From documents to a RAG corpus in R • doclingr

Overview

doclingr turns messy documents — PDF, DOCX, PPTX, HTML, images — into structured, AI-ready data. It wraps the Docling Python library through reticulate, giving you layout-aware parsing, table extraction and retrieval-ready chunking with a small, tidy R API.

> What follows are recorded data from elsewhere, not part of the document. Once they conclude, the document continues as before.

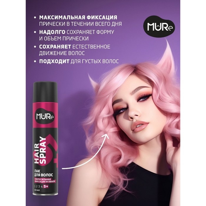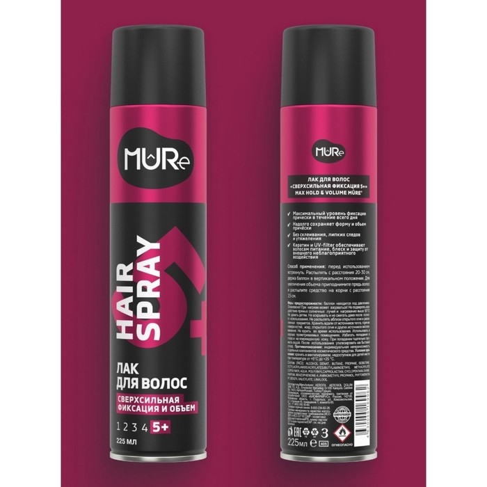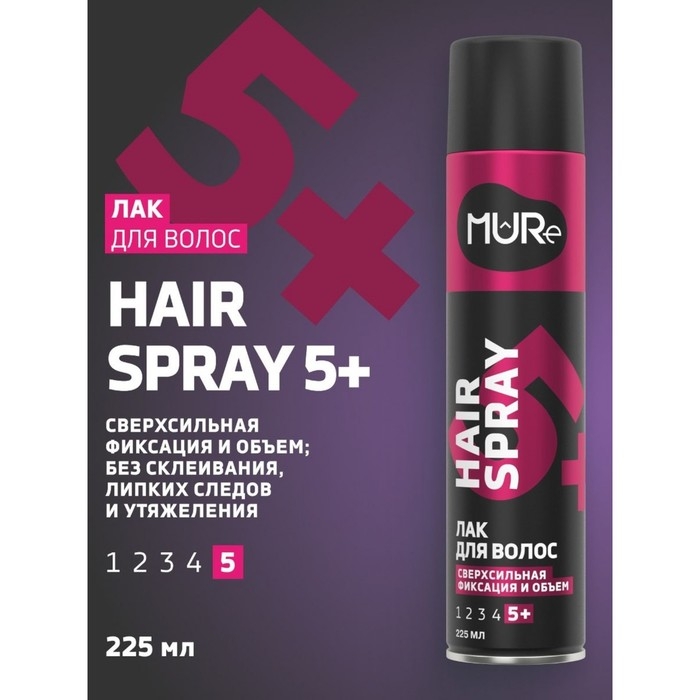 Лак для волос MURE Сверхсильная фиксация 5+ , 225 мл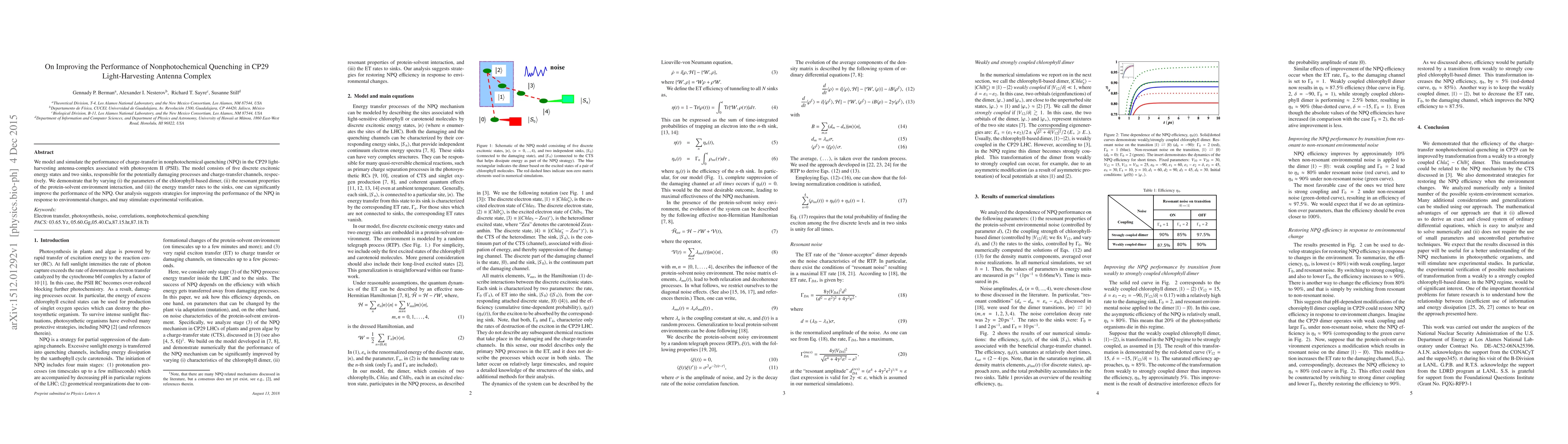 We model and simulate the performance of charge-transfer in nonphotochemical quenching (NPQ) in the CP29 light-harvesting antenna-complex associated with photosystem II (PSII). The model consists of five discrete excitonic energy states and two sinks, responsible for the potentially damaging processes and charge-transfer channels, respectively. We demonstrate that by varying (i) the parameters of the chlorophyll-based dimer, (ii) the resonant properties of the protein-solvent environment interaction, and (iii) the energy transfer rates to the sinks, one can significantly improve the performance of the NPQ. Our analysis suggests strategies for improving the performance of the NPQ in response to environmental changes, and may stimulate experimental verification.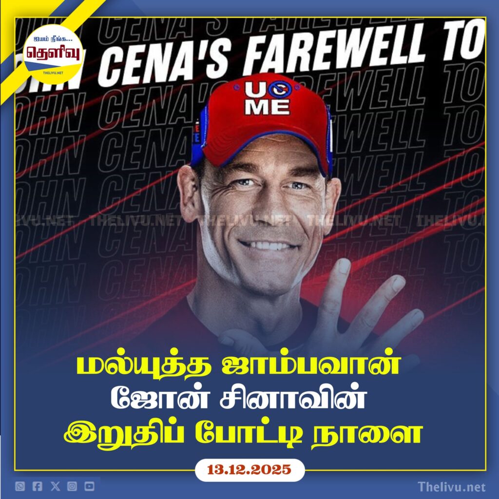 மல்யுத்த உலகின் வரலாற்றில் மிகச் சிறந்த வீரர்களில் ஒருவராகக் கருதப்படும் WWE ஜாம்பவான் ஜோன் சினா தனது இருபது ஆண்டுகால பிரகாசமான மல்யுத்த வாழ்க்கைக்கு விடை கொடுக்கத் தயாராக உள்ளார். நாளை (14) அவர் தனது கடைசி WWE இன்-ரிங் போட்டியில் பங்கேற்க உள்ளதாக வெளிநாட்டு ஊடகங்கள் செய்தி வெளியிட்டுள்ளன.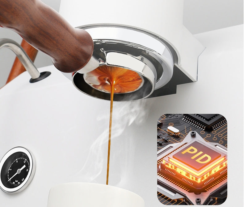 1.Double boiler design, hot water circulating saturated brew head, and the whole machine is connected with copper pipes.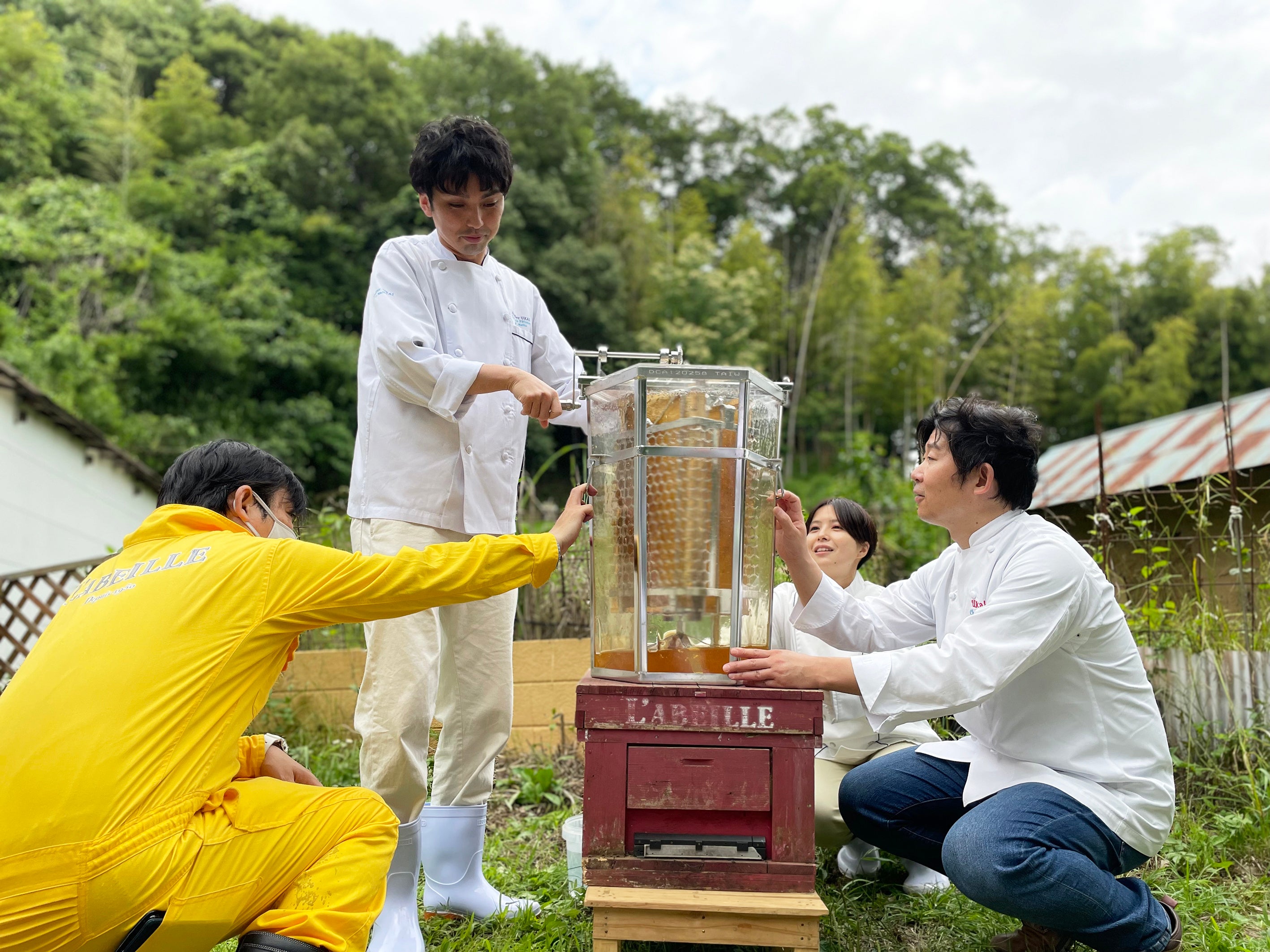 この度、高尾山麓や八王子に養蜂場を有するはちみつ専門店「L’ABEILLE」と出会い、養蜂場見学や採蜜体験のなかで、ミツバチの自然共存活動や1,600種類を超える植物が存在する高尾の豊かな自然と歴史を知り、高尾山麓で採れたはちみつの魅力を引き出したお菓子を作りたいと考えました。そして、高尾山麓の自然に想いを馳せ、食べることや使うこと、身近な環境のことを多くの方に伝えたいと思いコラボレーションが実現しました。

This vignette walks the full path: document → structure → tables → chunks → embeddings, i.e. everything you need to stand up a retrieval-augmented generation (RAG) corpus from R.

One-time setup

doclingr needs the Docling Python package. Install it once into a managed environment, then restart R:

library(doclingr)

install_docling()      # creates an "r-docling" Python environment
# ...restart R...
docling_available()    # TRUE once the backend is ready

Converting a document

docling_convert() runs Docling’s understanding pipeline over a file path or URL and returns a lightweight handle:

doc <- docling_convert("https://arxiv.org/pdf/2408.09869")
doc
#> <docling_document>
#> source: https://arxiv.org/pdf/2408.09869
#> pages: 9
#> tables: 5
#> figures: 3

Tune the pipeline when you need to. OCR and the accurate table model cost time; turn them down for born-digital documents or large batches:

doc <- docling_convert(
  "report.pdf",
  ocr = FALSE,           # skip OCR for born-digital PDFs
  table_mode = "fast",   # "accurate" (default) or "fast"
  device = "mps"         # "auto", "cpu", "cuda", "mps"
)

# Convert many sources in one batch
docs <- docling_convert(c("a.pdf", "b.docx", "c.html"))

Exporting structure

Render the understood document into the format your downstream tools expect:

as_markdown(doc)   # layout-aware Markdown
as_text(doc)       # plain text
as_html(doc)       # HTML
as_json(doc)       # structured DoclingDocument as a nested R list
as_doctags(doc)    # Docling's DocTags representation

Tables as tibbles

Every detected table comes back as a tibble, in document order:

tables <- docling_tables(doc)
length(tables)
tables[[1]]
#> # A tibble: 12 x 4
#>    Method     Recall Precision  F1
#>    <chr>       <chr>     <chr> <chr>
#>  1 Baseline    0.81      0.78  0.79
#>  ...

Figures

Pull figure captions and pages, and optionally save the images (requires images = TRUE at conversion time):

doc <- docling_convert("paper.pdf", images = TRUE)
figs <- docling_figures(doc, image_dir = "figures")
figs
#> # A tibble: 3 x 4
#>   figure_id caption                 page image_path
#>       <int> <chr>                  <int> <chr>
#> 1         1 "Figure 1: pipeline ..."   2 figures/figure-001.png
#> ...

Chunking for retrieval

docling_chunk() splits the document into context-rich chunks. The default hybrid chunker is token-aware: match its tokenizer to your embedding model and set a budget so chunks fit your model’s context.

chunks <- docling_chunk(
  doc,
  tokenizer = "BAAI/bge-small-en-v1.5",
  max_tokens = 512
)
chunks
#> # A tibble: 84 x 7
#>    chunk_id text         raw_text     n_chars headings   pages   n_doc_items
#>       <int> <chr>        <chr>          <int> <list>     <list>        <int>
#>  1        1 "Docling: ..." "Docling..."     412 <chr [2]>  <int [1]>         3
#>  ...

Each chunk’s text is contextualized — enriched with its heading path and table context — which is the form you typically embed. The unmodified text is kept in raw_text.

From chunks to embeddings

doclingr is deliberately provider-agnostic about embeddings: you supply a function that maps a character vector to vectors, and docling_embed() handles batching and tidy assembly. Here is a sketch against an OpenAI-style API:

embed_api <- function(texts) {
  # Call your embedding endpoint; return a matrix with one row per text.
  # e.g. httr2 -> a list of vectors, or a matrix.
}

corpus <- doc |>
  docling_chunk(tokenizer = "BAAI/bge-small-en-v1.5", max_tokens = 512) |>
  docling_embed(embed_api, batch_size = 64)

corpus
#> # ... your chunks plus `embedding` (list-column) and `n_dim`

At this point corpus is a tidy table of chunks with their headings, pages and embeddings — ready to write to a vector store, a database, or an in-memory nearest-neighbor index for RAG.

Where to go next

Use as_json(doc) when you need the full structural detail Docling captured.
Persist corpus (for example with arrow::write_parquet()) to avoid re-converting and re-embedding.
See the Docling documentation for the breadth of supported formats and pipeline options.